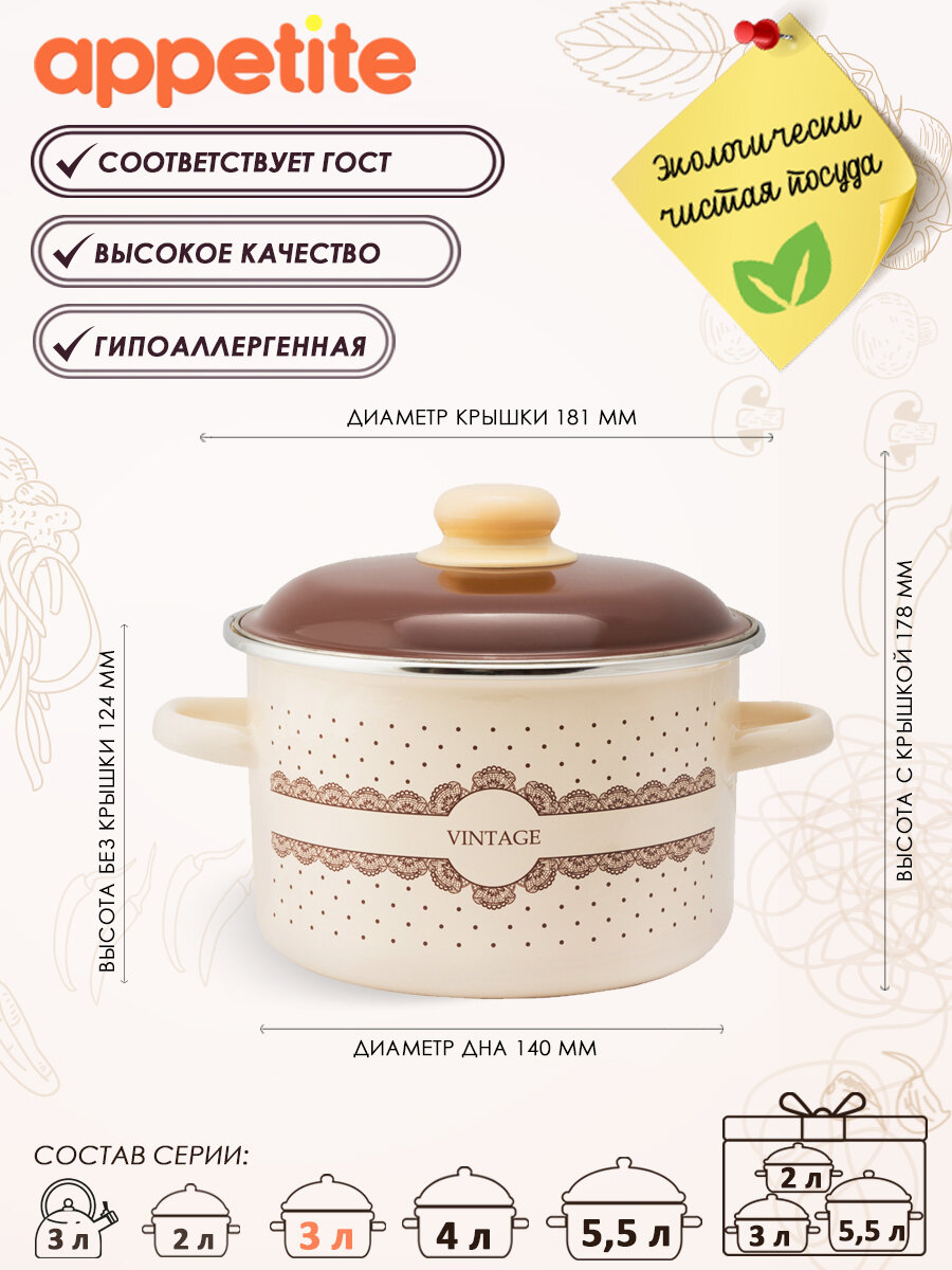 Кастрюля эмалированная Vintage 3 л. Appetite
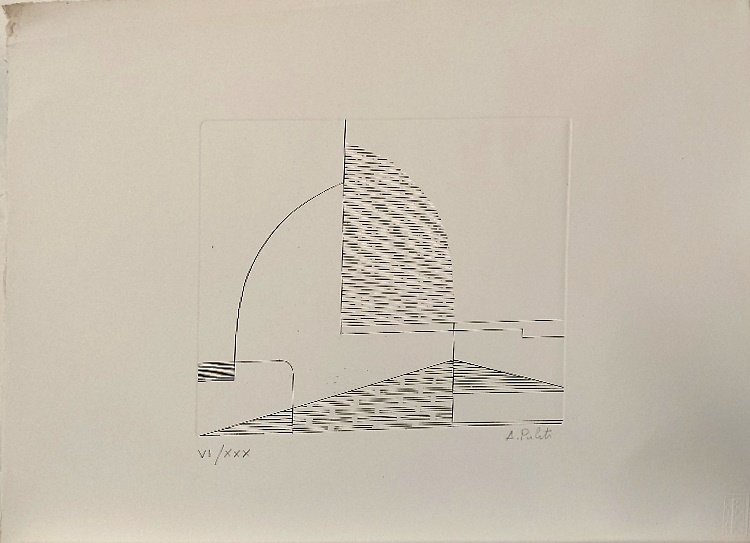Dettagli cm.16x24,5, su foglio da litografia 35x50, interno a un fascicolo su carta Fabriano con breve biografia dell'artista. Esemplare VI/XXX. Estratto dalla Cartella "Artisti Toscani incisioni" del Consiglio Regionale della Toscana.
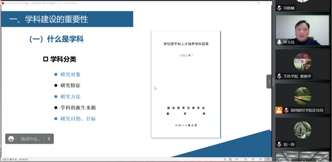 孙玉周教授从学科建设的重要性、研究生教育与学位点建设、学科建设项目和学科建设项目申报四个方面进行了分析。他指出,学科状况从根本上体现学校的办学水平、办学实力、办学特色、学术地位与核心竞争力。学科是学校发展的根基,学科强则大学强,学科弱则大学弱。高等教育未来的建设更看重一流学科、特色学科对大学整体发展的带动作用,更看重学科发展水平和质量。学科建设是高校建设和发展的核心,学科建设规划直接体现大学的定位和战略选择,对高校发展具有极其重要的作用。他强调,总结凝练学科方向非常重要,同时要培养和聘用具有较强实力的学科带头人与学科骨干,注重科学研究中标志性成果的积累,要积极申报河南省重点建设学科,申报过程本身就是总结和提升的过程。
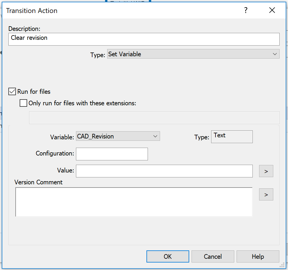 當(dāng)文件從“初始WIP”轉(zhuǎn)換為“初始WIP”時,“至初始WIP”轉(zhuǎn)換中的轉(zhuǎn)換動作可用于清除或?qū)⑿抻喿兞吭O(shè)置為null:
=-=-=-=-=
» **TASK OBJECTIVE**:
Set down the data again, exactly, without images.

» **RESULT OF THE TASK**:
 Кастрюля эмалированная Vintage 3 л. Appetite
Dettagli cm.16x24,5, su foglio da litografia 35x50, interno a un fascicolo su carta Fabriano con breve biografia dell'artista. Esemplare VI/XXX. Estratto dalla Cartella "Artisti Toscani incisioni" del Consiglio Regionale della Toscana.
 孙玉周教授从学科建设的重要性、研究生教育与学位点建设、学科建设项目和学科建设项目申报四个方面进行了分析。他指出,学科状况从根本上体现学校的办学水平、办学实力、办学特色、学术地位与核心竞争力。学科是学校发展的根基,学科强则大学强,学科弱则大学弱。高等教育未来的建设更看重一流学科、特色学科对大学整体发展的带动作用,更看重学科发展水平和质量。学科建设是高校建设和发展的核心,学科建设规划直接体现大学的定位和战略选择,对高校发展具有极其重要的作用。他强调,总结凝练学科方向非常重要,同时要培养和聘用具有较强实力的学科带头人与学科骨干,注重科学研究中标志性成果的积累,要积极申报河南省重点建设学科,申报过程本身就是总结和提升的过程。
 當(dāng)文件從“初始WIP”轉(zhuǎn)換為“初始WIP”時,“至初始WIP”轉(zhuǎn)換中的轉(zhuǎn)換動作可用于清除或?qū)⑿抻喿兞吭O(shè)置為null:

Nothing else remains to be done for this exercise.